Software & Virtual Licensing Model – (see critical consideration below)

This is for customers who wish to use their own hardware – either as a physical server or a virtual server. Contrary to hardware licensing, the software license model does not include unlimited user licenses as a standard. This licensing model has (2) variables: the duration of the license (1-year, 3-year, or 5-year) as well as the number of concurrent users (10, 25, 50, 100, 250, 500, 1000 or unlimited).

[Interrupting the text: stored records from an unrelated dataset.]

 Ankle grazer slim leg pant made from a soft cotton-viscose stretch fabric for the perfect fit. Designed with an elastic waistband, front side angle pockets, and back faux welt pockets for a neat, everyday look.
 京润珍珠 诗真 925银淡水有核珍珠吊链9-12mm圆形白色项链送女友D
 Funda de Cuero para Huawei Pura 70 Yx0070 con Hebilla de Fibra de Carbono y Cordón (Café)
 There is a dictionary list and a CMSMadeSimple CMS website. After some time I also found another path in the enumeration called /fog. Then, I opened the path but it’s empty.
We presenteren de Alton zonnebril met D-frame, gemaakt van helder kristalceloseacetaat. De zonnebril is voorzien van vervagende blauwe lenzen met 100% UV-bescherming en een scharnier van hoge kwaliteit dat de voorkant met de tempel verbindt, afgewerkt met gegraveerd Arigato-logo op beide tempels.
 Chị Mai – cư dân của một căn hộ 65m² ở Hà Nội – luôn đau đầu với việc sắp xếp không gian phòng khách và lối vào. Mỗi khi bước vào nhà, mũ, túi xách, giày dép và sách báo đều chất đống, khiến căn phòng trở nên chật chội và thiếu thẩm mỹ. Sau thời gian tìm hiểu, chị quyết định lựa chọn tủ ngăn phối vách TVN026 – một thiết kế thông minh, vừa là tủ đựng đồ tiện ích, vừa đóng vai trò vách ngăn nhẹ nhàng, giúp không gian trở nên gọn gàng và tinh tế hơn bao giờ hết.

• Example: 100-user software license (no hardware included)
• Network Subscription – {described above} 1-year/3-year/5-year 100-user Software Appliance Only ‘Network Subscription’ is $955/$2,390/$3,630 – and includes 10x5 support
• Web Subscription – {described above} 1-year/3-year/5-year 100-user Software Appliance Only ‘Web Subscription’ is $1,720/$4,300/$6,540 – includes 10x5 support
• Mail Subscription – {described above} 1-year/3-year/5-year 100-user Software Appliance Only ‘Mail Subscription’ is $1,380/$3,450/$5,245 – includes 10x5 support
• Premium Support Upgrade – {described above} 1-year/3-year/5-year 100-user Software Appliance Only ‘Premium Support Upgrade’ is $190/$475/$725.
• Full Guard with Premium Support – 1-year/3-year/5-year 100-user ‘Full-Guard with Premium Support’ is $3,610/$9,025/$13,720. This is an all-inclusive price for full functionality and premium support rights – includes protection of web servers but email archiving & wireless access carry additional charges!
• CRITICAL CONSIDERATION – For the purpose of sizing the number of ‘users’ when considering purchasing a software or virtual license, a ‘user license’ is required for ALL ‘hosts’ that the Astaro communicates with.

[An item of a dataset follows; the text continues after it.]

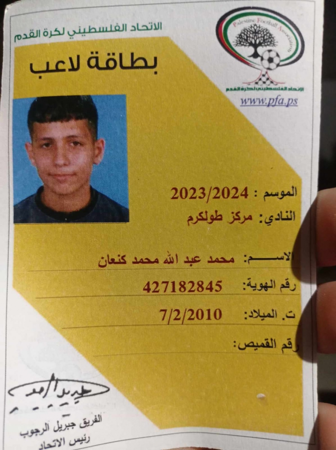وكانت قوات الاحتلال قتلت في شهر سبتمبر/ أيلول الماضي، المهاجم في نادي مركز شباب طولكرم، محمد عبد الله كنعان (14 عاما) برصاصة قناص خلال عودته مع والده إلى منزلهم بالمخيم.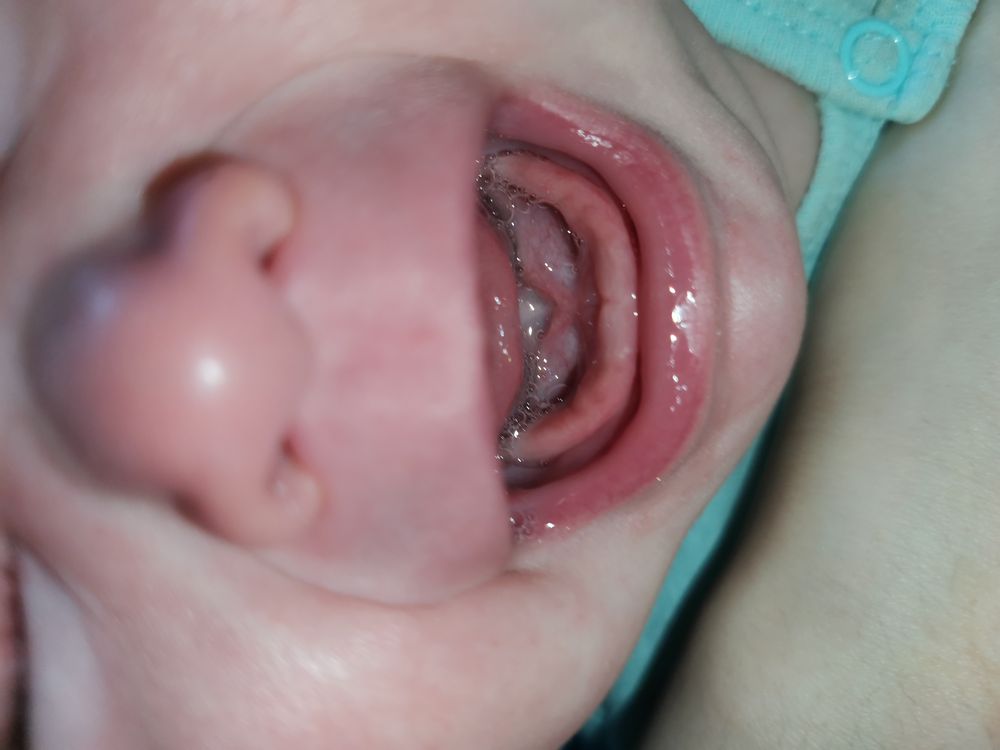 У дочки, при такой картине, через неделю вылез первый зубик и через 4дня второй.

Contact us to define your requirements and for pricing meeting your specific needs.

Configuration Examples:

• Example #1: The domain server is running DHCP - not the Astaro UTM.

  In this organization, employees have a desktop or laptop and a single IP phone. However, the IP Phone communicates solely with the IP PBX server – meaning phones do NOT have Internet access. Employees would only require a single ‘user license’ for their PC or laptop since the Astaro system is not aware of the IP Phones. A ‘user license’ is required for all servers (physical & virtual) as well as the IP PBX and anything else with Internet (WAN) or VPN access.

• Example #2: Astaro manages DHCP (smart choice!) for the entire organization (LAN & WLAN).

  In this case, an inventory of IP devices hard wired in your LAN and connecting daily to your WLAN should be performed. How many have static IP assignments? Does it make sense to increase the number of devices with a static IP assignment before deploying the Astaro? Once that work is completed, determine the maximum concurrent hosts expected across the LAN & WLAN environment to request an IP assignment (printers, scanners, desktops, laptops, IP phones, physical servers & virtual servers) &/or have Internet (WAN) or VPN access. That is the minimum number of ‘user licenses’ required.